• **What the exercise asks**:
Will you output all of the data below exactly, omitting the images?

• **Material provided**:
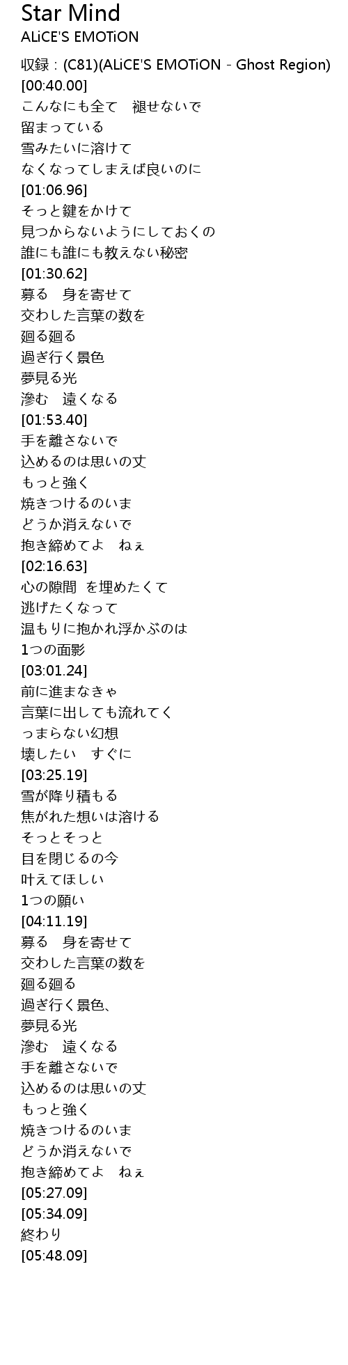 | [00:16.00] | 収録:(C81)(ALiCE'S EMOTiON - Ghost Region) |
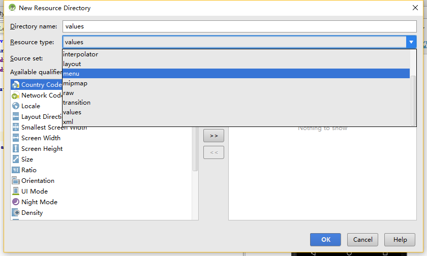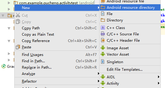 1.在res上面右键->New->Android resource directory
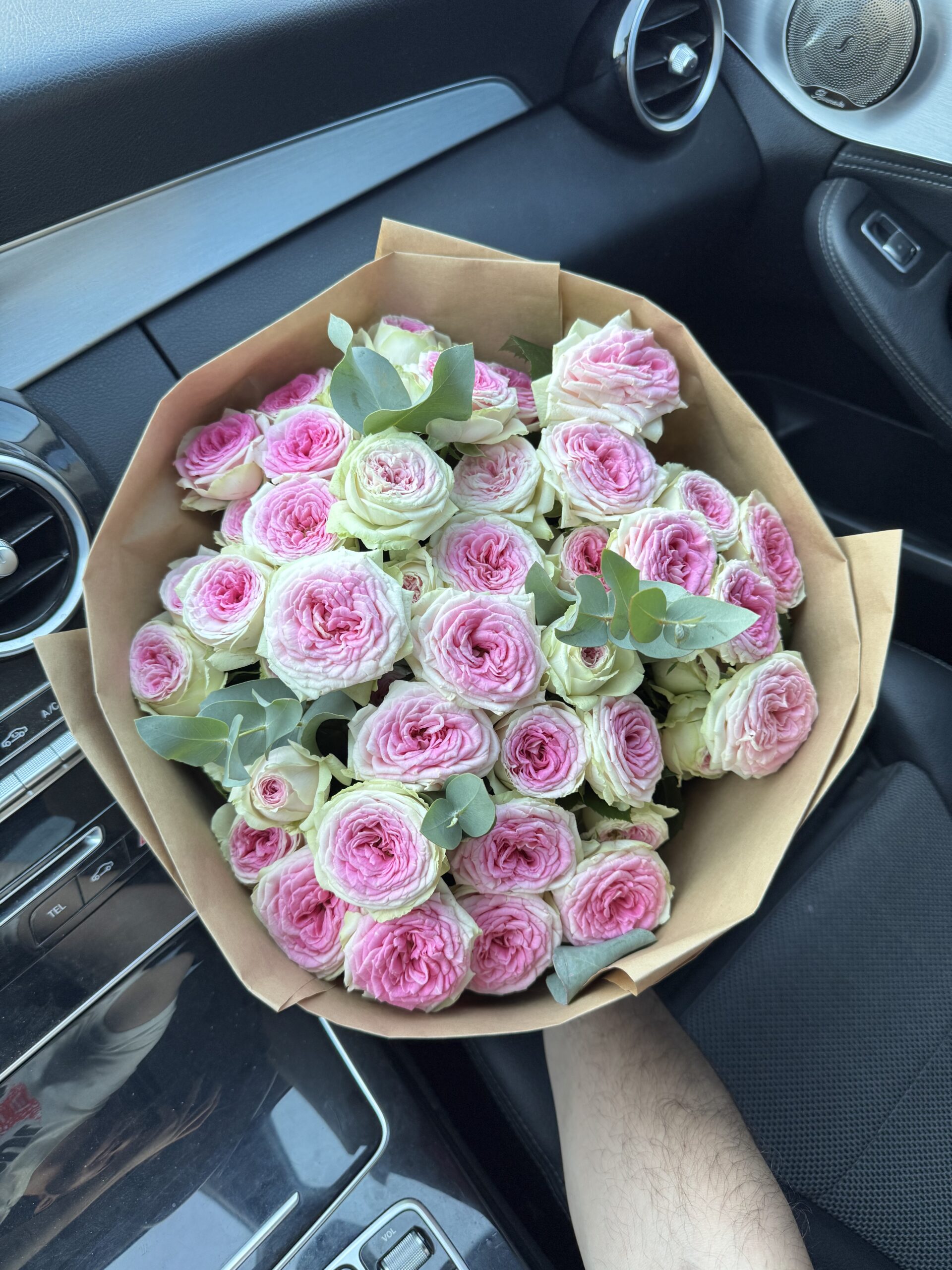 Склад : 11 кущових піоноподібних троянда, 4 гілочки евкаліпту , пакування.

• **Exercise response**:
 | [00:16.00] | 収録:(C81)(ALiCE'S EMOTiON - Ghost Region) |
 1.在res上面右键->New->Android resource directory
 Склад : 11 кущових піоноподібних троянда, 4 гілочки евкаліпту , пакування.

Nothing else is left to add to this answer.